• **Problem description**:
Since the copy must hold text only, transcribe the data below exactly and omit the images.
*** Opening Data excerpt ***
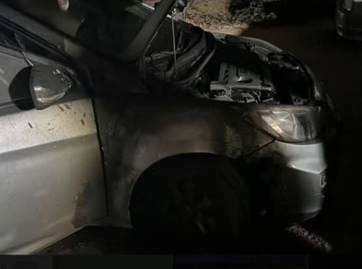 مستوطنون يحرقون مركبة ويخطون شعارات جنوب نابلس
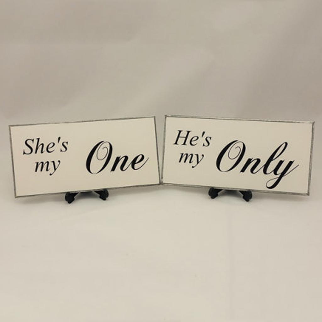 • Wedding Signs, Plaque,She's My One He's My Only, Wedding Decor, Engagement Signs, Photo Props
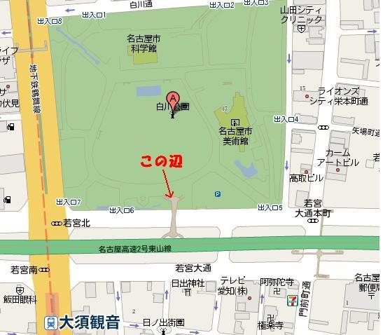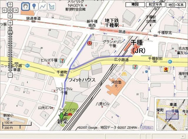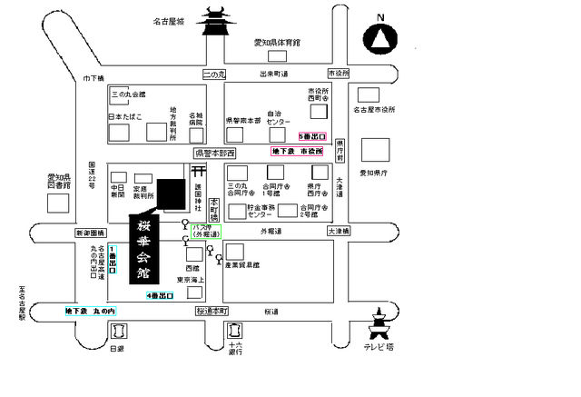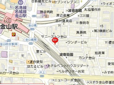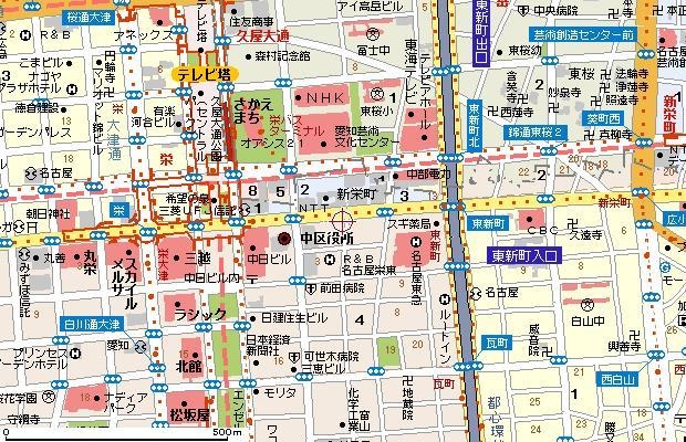地下鉄新栄から広小路通りに出て広小路葵の交差点を渡り広小路通り沿い栄方向に向かい歩く。CBC中部日本放送の手前角(広小路新栄1丁目)を左に曲がりすぐ1本目をまた左に曲がる。そのまま30
*** Closing Data excerpt ***
• **Answer section**:
 مستوطنون يحرقون مركبة ويخطون شعارات جنوب نابلس
 • Wedding Signs, Plaque,She's My One He's My Only, Wedding Decor, Engagement Signs, Photo Props
地下鉄新栄から広小路通りに出て広小路葵の交差点を渡り広小路通り沿い栄方向に向かい歩く。CBC中部日本放送の手前角(広小路新栄1丁目)を左に曲がりすぐ1本目をまた左に曲がる。そのまま30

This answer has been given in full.